Le congrès triennal de l’Union internationale des Huissiers de Justice (UIHJ) aura lieu la semaine prochaine, du 1er au 4 mai, à Cape Town, en Afrique du Sud. Maurice y sera représentée par trois huissiers : Hassan Pirbacosse, Harold Iyempermall et Anil Seewoonarain.
Au 1er septembre, les huissiers mauriciens pourront exercer dans le privé, date à laquelle la loi les y autorisant entrera en vigueur. Jusqu’en 1952, il existait dans l’île des huissiers privés, mais depuis que le rapport Lalouette a recommandé que ces auxiliaires de justice aient le statut de fonctionnaire, ils sont tous devenus des officiers du gouvernement.
Harold Iyempermall, qui part à la retraite le 31 août, après 40 ans passés au service de la justice mauricienne, et qui a milité des années durant en faveur de la privatisation, compte bien ouvrir son étude après cette date.
Concernant le programme du congrès qui aura lieu au Cape Town International Convention Centre
(CTICC), l’enregistrement des participants se fera dans l’après-midi du 1er mai. Le lendemain matin à 9 h 15, l’ouverture solennelle du congrès sera marquée par l’allocution de bienvenue d’Alderman Patricia de Lille, maire de Cape Town. Des discours sont attendus d’Anthony Makwetu (président de la South African
National Association of Progressive Sheriffs), de
Charmaine Mabuza (présidente du South African Board for Sheriffs), de Leo Netten (président de l’UIHJ) et de Jeff Radebe (ministre de la Justice d’Afrique du Sud).
Après la présentation du rapport des travaux du congrès précédent qui sera faite par Mathieu Chardon (1er secrétaire de l’UIHJ et rapporteur général) et le rapport des activités du bureau sortant, par Françoise Andrieux (secrétaire générale de l’UIHJ), des commissions de travail débuteront. Harold Iyempermall fera partie d’un panel des huissiers sur les actions des États.

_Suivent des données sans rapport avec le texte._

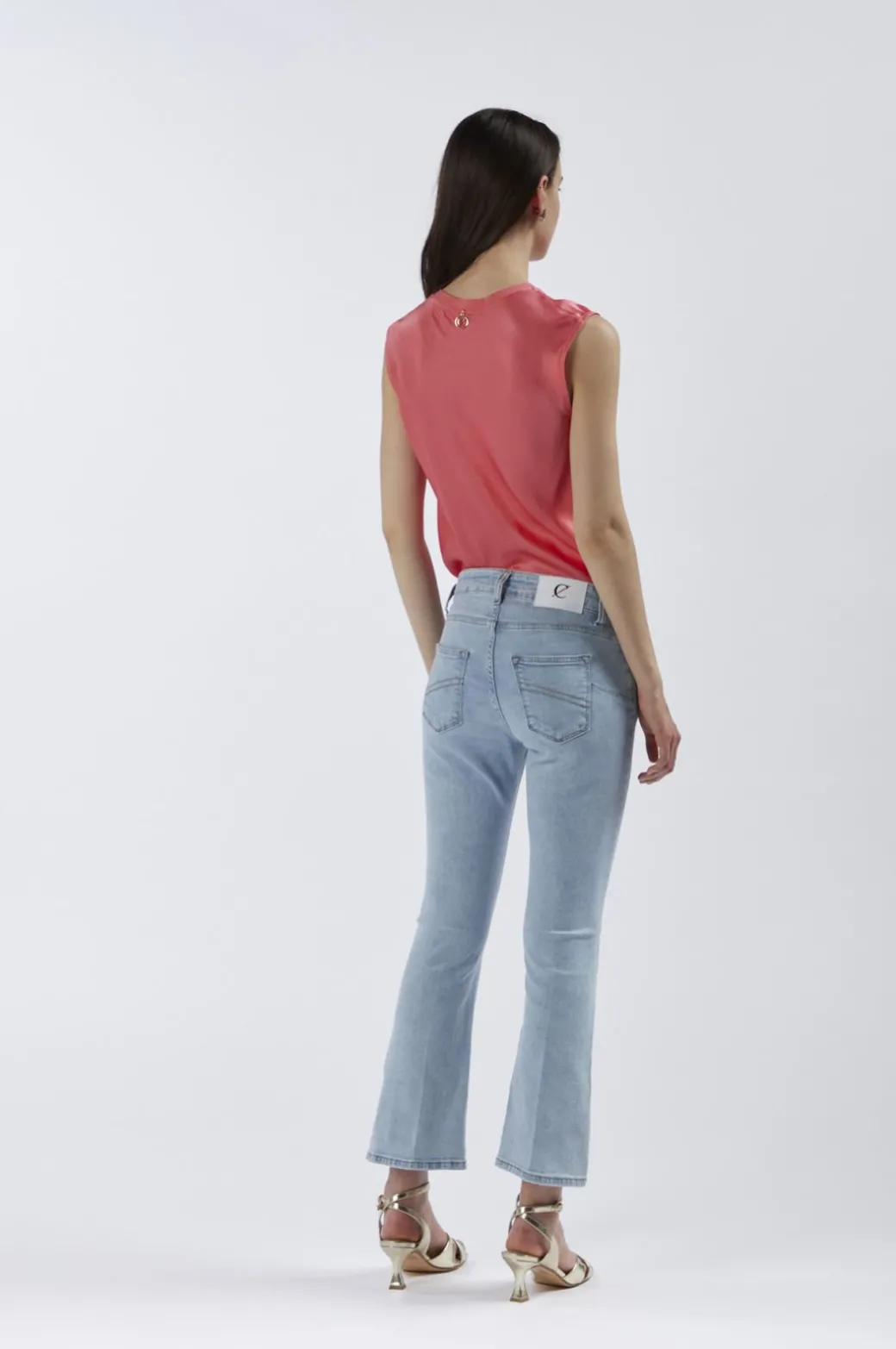 Jeans in tela denim super stretch dalla vestibilità cropped flare.

Créée en 1952, l’UIHJ regroupe aujourd’hui 70 pays. Elle a pour vocation de représenter ses membres auprès d’organisations internationales et d’assurer la collaboration avec les organismes professionnels nationaux. Elle pourvoit à l’amélioration des droits procéduraux nationaux et des traités internationaux. Elle s’efforce de promouvoir les idées, les projets et les initiatives tendant au progrès et à l’élévation du statut indépendant d’huissier de justice.
L’UIHJ est membre du Conseil économique et social de l’Organisation des Nations unies. Elle collabore aux travaux de la Conférence de la Haye de droit international privé, notamment dans l’aménagement des conventions relatives aux significations et notifications des actes judiciaires et de l’exécution. Elle est membre observateur permanent de la Commission européenne pour l’efficacité de la justice (CEPEJ) du Conseil de l’Europe et a participé activement à ce titre à l’élaboration de ses lignes directrices du 17 décembre 2009 sur l’exécution des décisions de justice. Elle a participé aux travaux qui ont conduit à la révision du règlement n°1348/2000 du 29 mai 2000 sur la notification et la signification des actes judiciaires et extrajudiciaires en matière civile et commerciale. Elle a pris part aux réflexions visant à l’ouverture des professions judiciaires au Réseau judiciaire européen en matière civile et commerciale de la Commission européenne. Elle participe encore aux
travaux du groupe Forum Justice mis en place par la Commission européenne ainsi qu’à son groupe de réflexion sur e-Justice.
L’UIHJ entreprend actuellement un projet ambitieux visant à la création d’un Code mondial de l’exécution, en collaboration avec des professionnels du droit et des professeurs d’universités de tous les continents. Elle entend mettre à profit son expérience et son influence pour assurer l’effectivité de l’exécution des décisions de justice partout où cela sera possible. Cette action s’inscrit dans le droit fil de la triple nécessité d’améliorer l’accès à la justice, la coopération entre autorités judiciaires et l’efficacité de la justice sur laquelle se fonde la stratégie européenne en matière d’e-Justice.